## Work required
Everything in the records below from the line containing "Paus Fransiskus tiba" through the line containing "De woonkamer is" is to be reproduced exactly, those two lines included; no picture is to be copied.

** Opening Data supplied block **

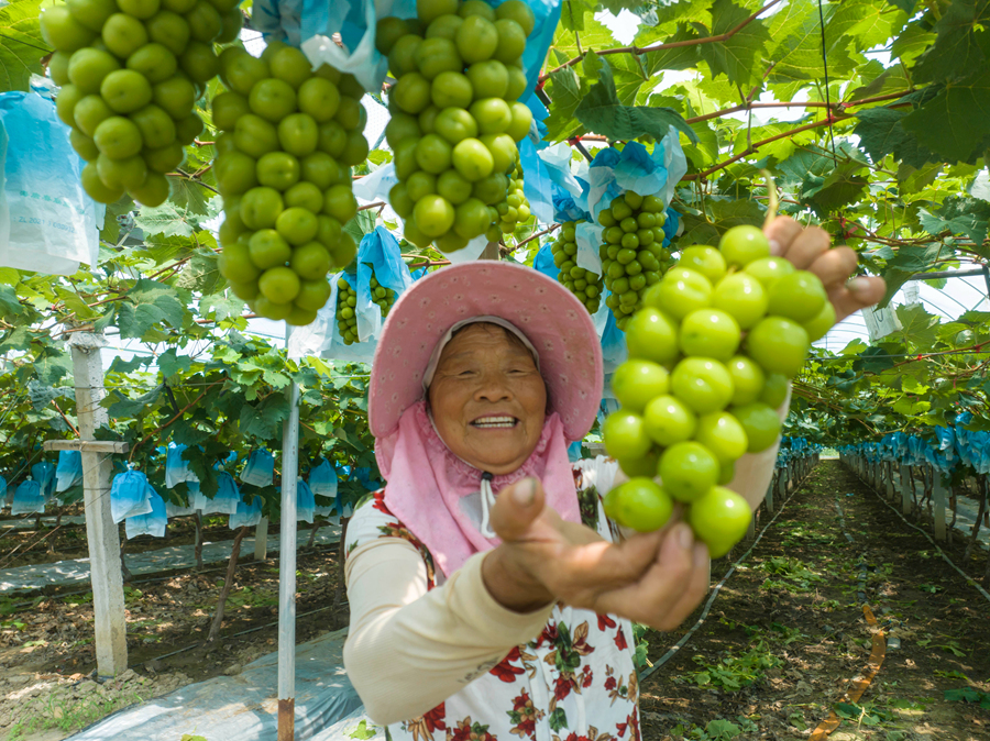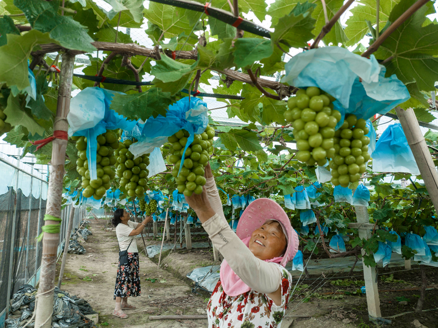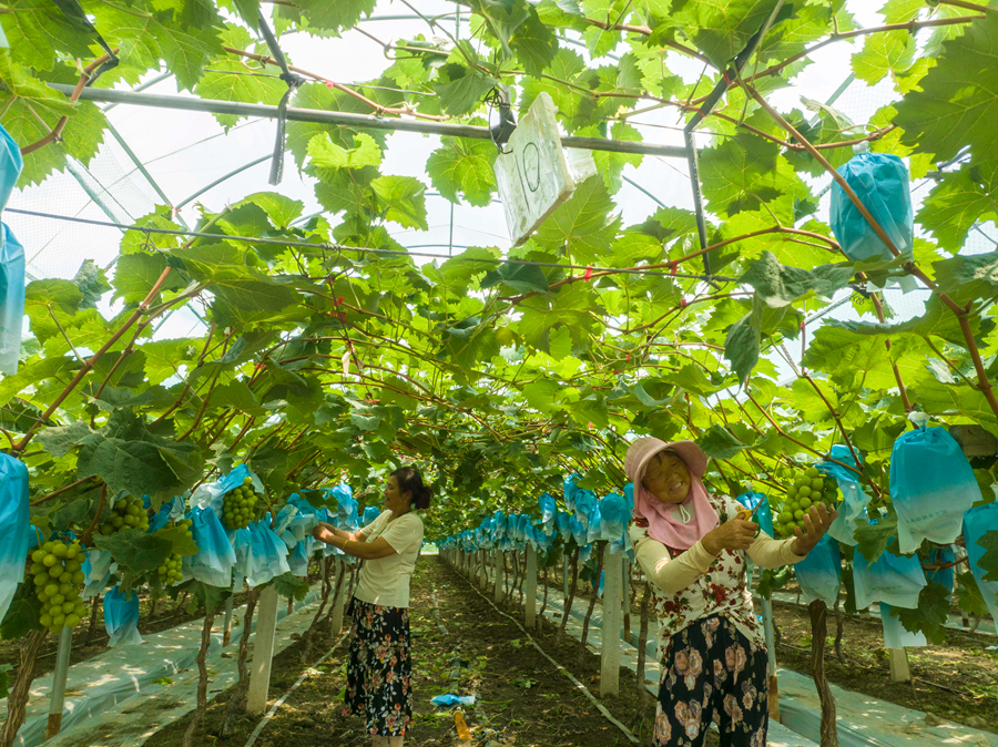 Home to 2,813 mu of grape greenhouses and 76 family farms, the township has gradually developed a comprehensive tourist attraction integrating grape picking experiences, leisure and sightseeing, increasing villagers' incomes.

** Closing Data supplied block **
** Opening Data supplied block **

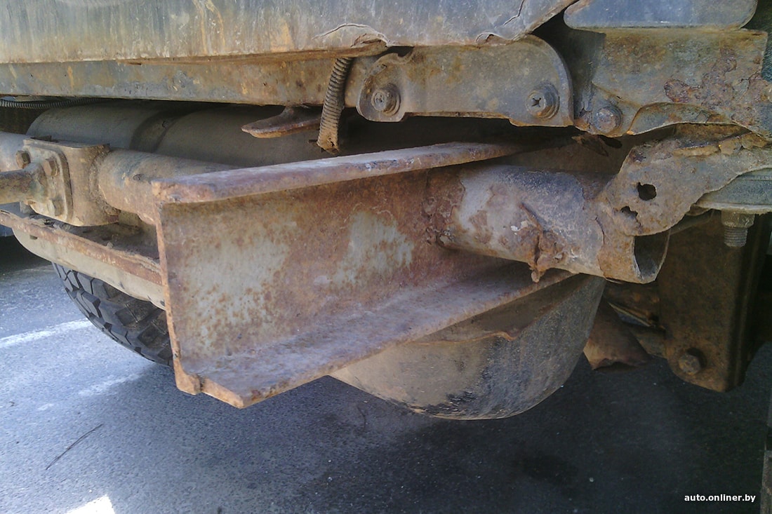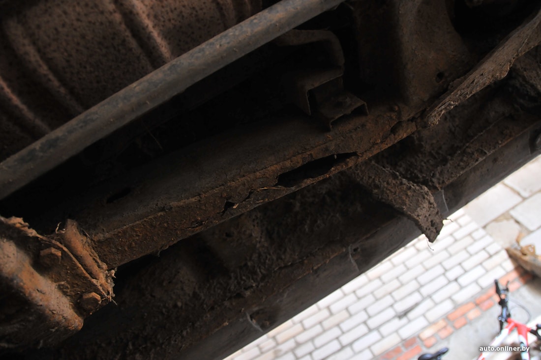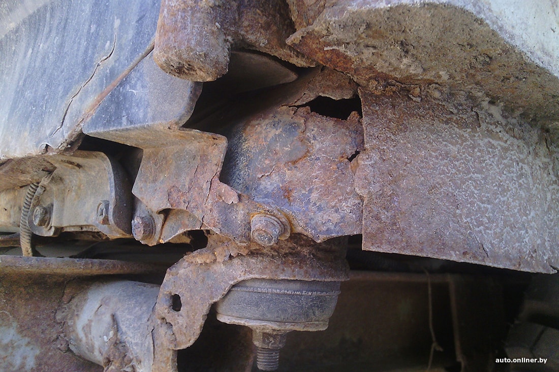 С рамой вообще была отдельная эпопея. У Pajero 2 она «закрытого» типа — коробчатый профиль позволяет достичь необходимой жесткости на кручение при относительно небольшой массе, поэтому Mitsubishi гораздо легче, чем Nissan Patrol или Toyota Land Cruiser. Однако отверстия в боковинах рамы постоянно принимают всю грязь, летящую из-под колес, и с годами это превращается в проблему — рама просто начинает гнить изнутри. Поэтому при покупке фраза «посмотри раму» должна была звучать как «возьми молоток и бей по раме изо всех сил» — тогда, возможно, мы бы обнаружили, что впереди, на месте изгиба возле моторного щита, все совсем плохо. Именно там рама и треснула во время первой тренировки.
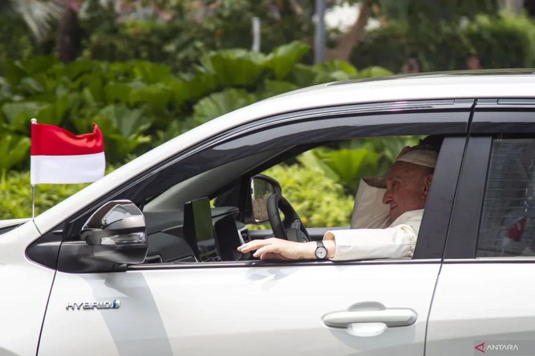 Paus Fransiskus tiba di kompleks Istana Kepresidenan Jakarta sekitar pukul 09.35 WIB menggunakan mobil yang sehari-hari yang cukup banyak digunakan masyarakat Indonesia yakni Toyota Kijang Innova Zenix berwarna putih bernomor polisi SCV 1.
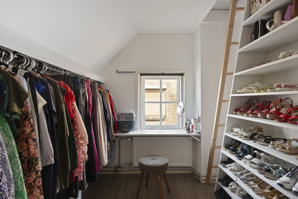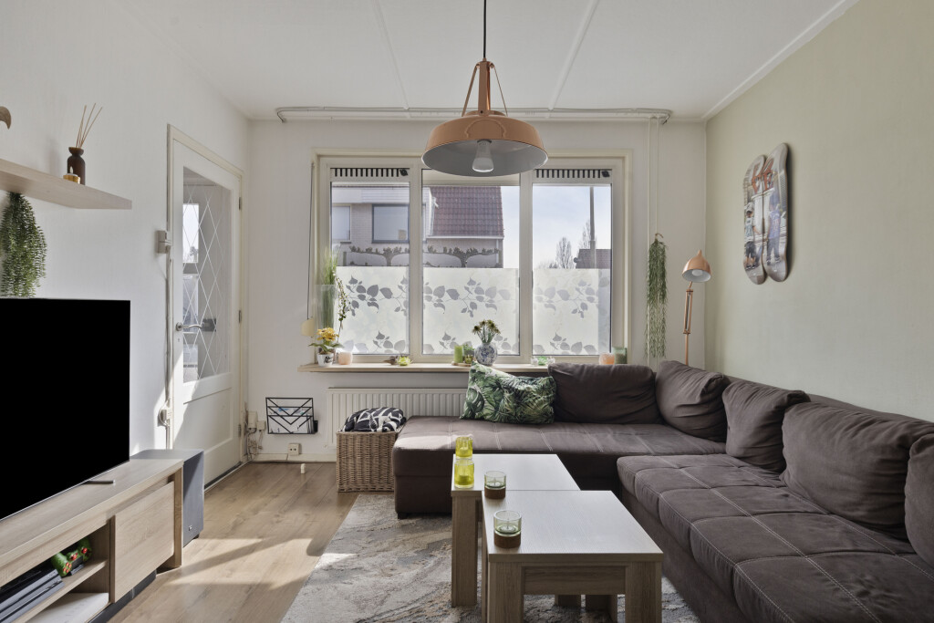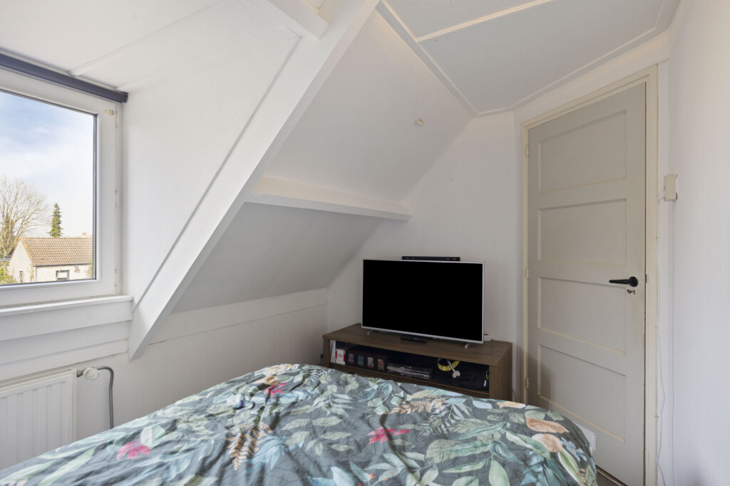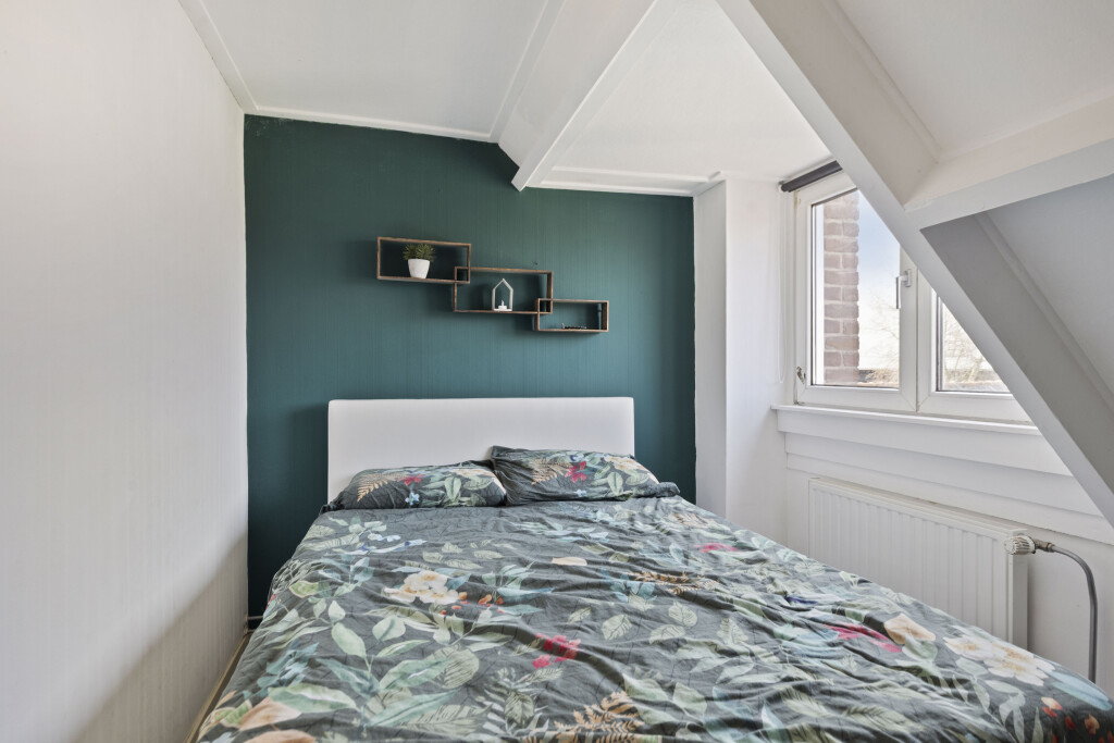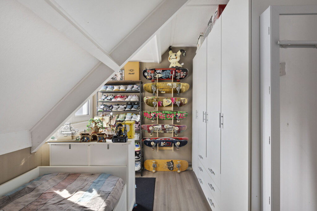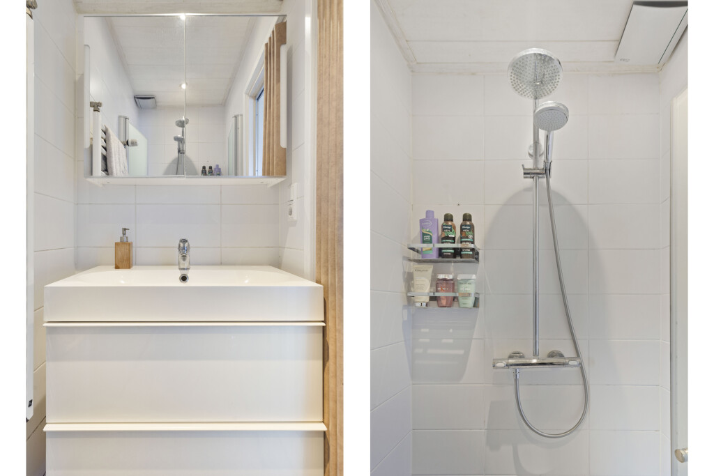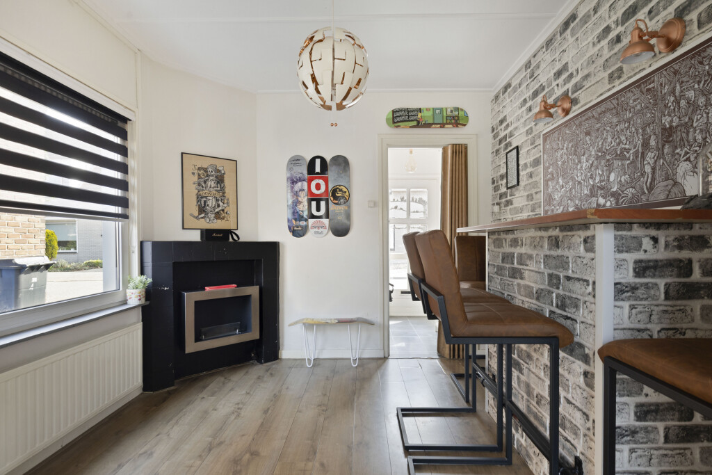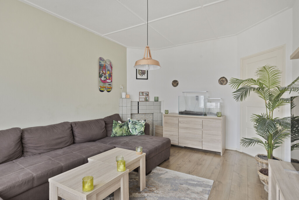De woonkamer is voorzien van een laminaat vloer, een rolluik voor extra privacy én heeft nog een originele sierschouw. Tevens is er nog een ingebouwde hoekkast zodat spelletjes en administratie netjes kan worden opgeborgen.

** Closing Data supplied block **

## Task result
 Paus Fransiskus tiba di kompleks Istana Kepresidenan Jakarta sekitar pukul 09.35 WIB menggunakan mobil yang sehari-hari yang cukup banyak digunakan masyarakat Indonesia yakni Toyota Kijang Innova Zenix berwarna putih bernomor polisi SCV 1.
De woonkamer is voorzien van een laminaat vloer, een rolluik voor extra privacy én heeft nog een originele sierschouw. Tevens is er nog een ingebouwde hoekkast zodat spelletjes en administratie netjes kan worden opgeborgen.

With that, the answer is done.